Mary est belle. Mais est-ce une chance ou un malheur ? Lorsque Harry Carson, fils d'un patron, vient la courtiser, à la sortie de la boutique où elle est apprentie couturière, elle pense qu'il l'aime et veut l'épouser. Elle se dit qu'elle aiderait ainsi son père à échapper à la misère, elle serait une dame et elle l'installerait dans le manoir des Carson où il ne manquerait plus jamais de rien. le père Carson, avant de faire fortune dans l'industrie, n'était-il pas lui aussi pauvre et son épouse une ancienne ouvrière ?

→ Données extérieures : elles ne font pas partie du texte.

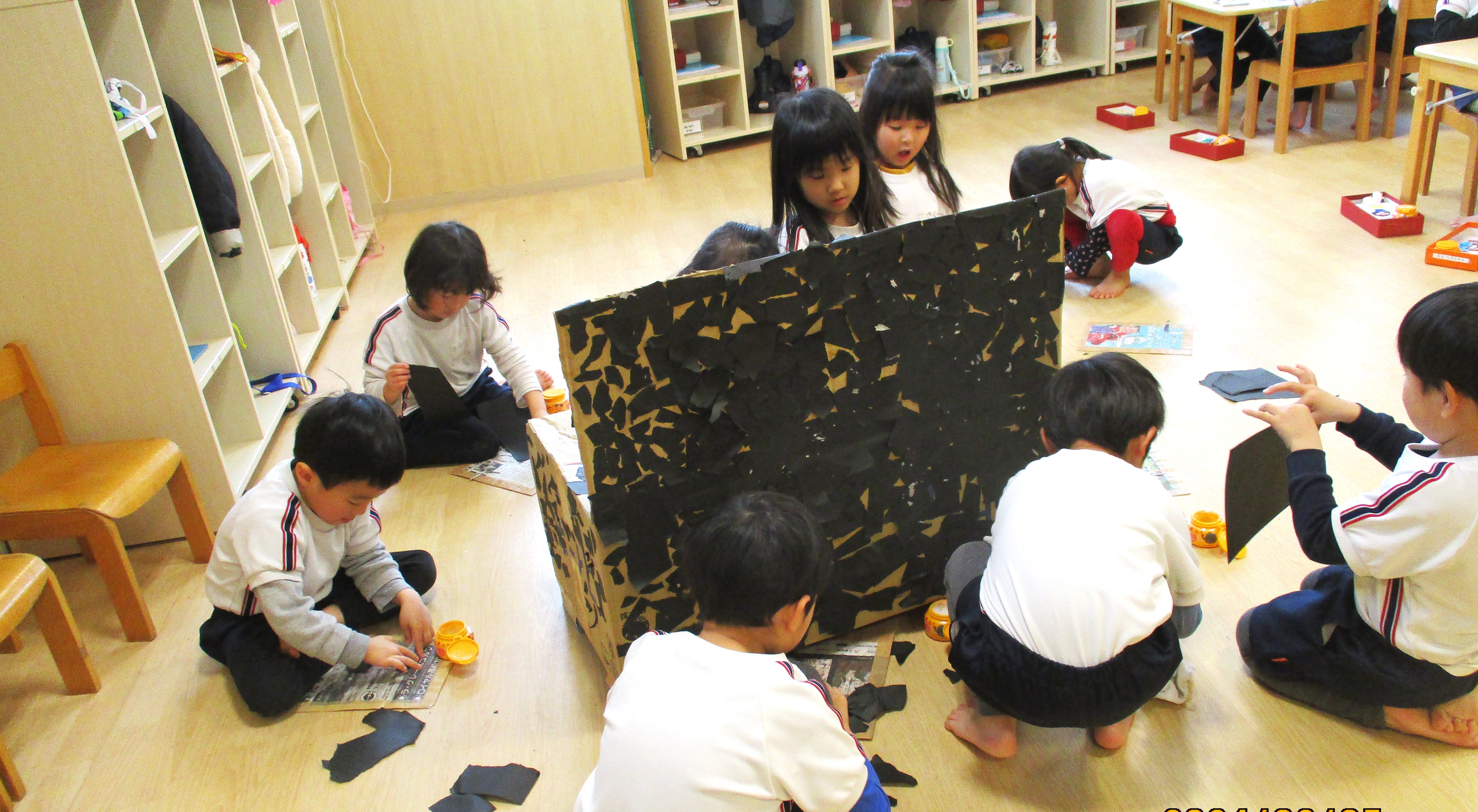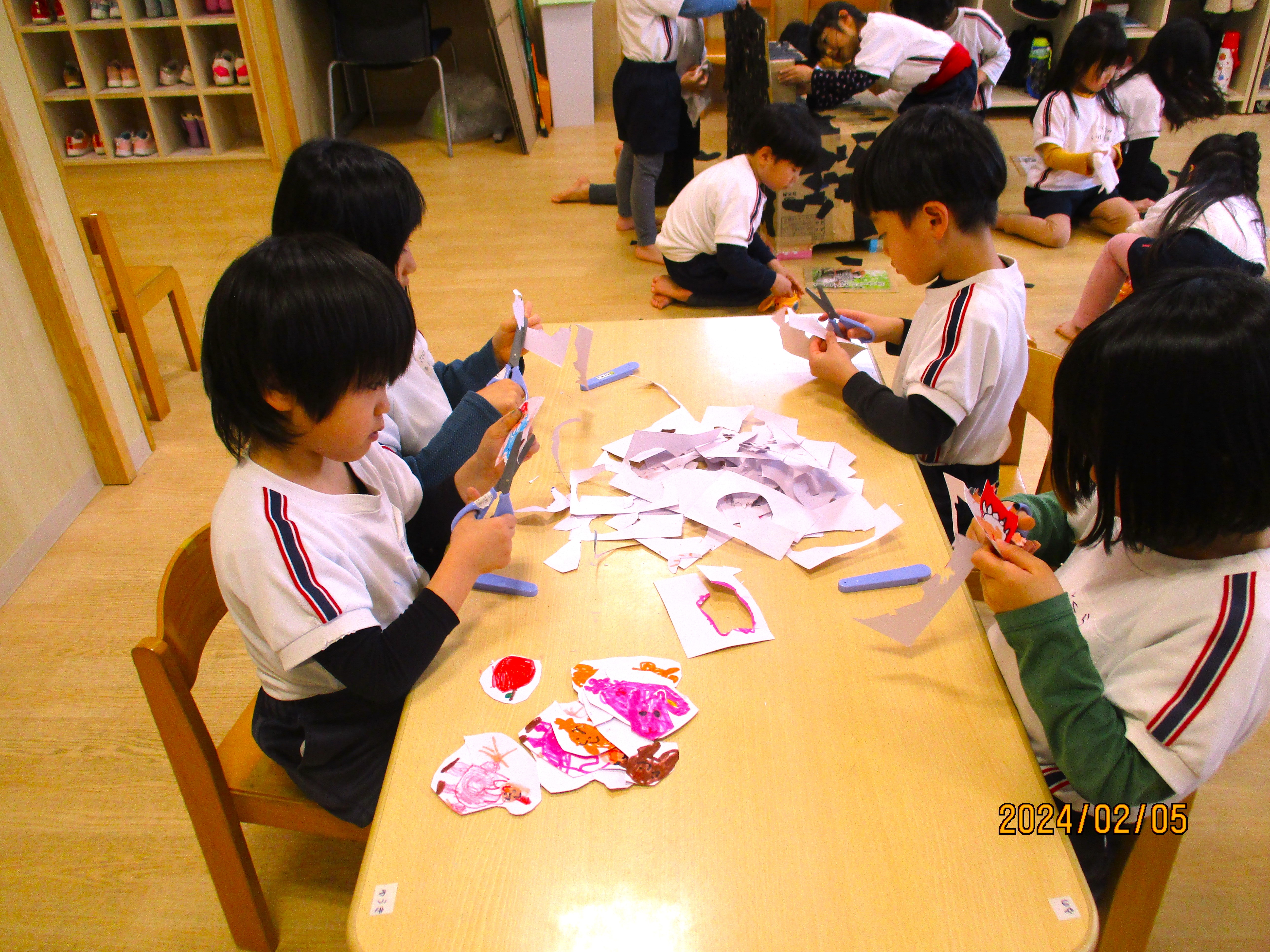 はさみとのりを上手に使って完成しました!!自分の作品と共同作品を最後まで作ることができ、みんな大変よろこんでいましたよ♪

Mary Barton ne ressemble pas aux filles du Père Goriot de
Balzac. Elle n'envisage pas de renier son père qui lui ferait honte. Elle l'aime de tout son coeur car elle n'est qu'une jeune fille, une adolescente, dirions-nous aujourd'hui, et elle est orpheline de mère depuis ce soir néfaste où Mrs Barton est morte en couche dans sa chambre. Mary est prête à se sacrifier pour son père car, même si Harry est beau, riche, élégant, sûr de lui et de son pouvoir de séduction, elle ne peut s'empêcher de préférer le visage de Jem Wilson, son ami d'enfance, un ouvrier mais aussi un homme intelligent et courageux.
Un meurtre va se produire et de nombreuses péripéties s'enchaîner à un rythme soutenu.
John Barton, devenu membre actif du syndicat, veut informer le gouvernement de la situation intolérable que vivent les ouvriers qui n'ont plus de travail à cause des problèmes économiques. Les patrons se plaignent eux aussi de la situation, prétendent ne plus pouvoir embaucher mais ne réduisent cependant pas leur train de vie alors que les ouvriers meurent de faim. La haine, le mépris entre les deux camps ne cessent de croître, jusqu'au drame...
Elizabeth Gaskell comprend très bien l'économie politique malgré la modestie qu'elle affiche dans la préface. Elle observe la vie à Manchester et devine l'état d'esprit des ouvriers qu'elle a l'occasion de côtoyer en tant qu'épouse de pasteur, elle veut les aider à mieux communiquer avec les patrons et aider les patrons à mieux communiquer avec les ouvriers car ils ont des intérêts communs. Peut-être est-ce ce que l'on appelle aujourd'hui le « dialogue social ».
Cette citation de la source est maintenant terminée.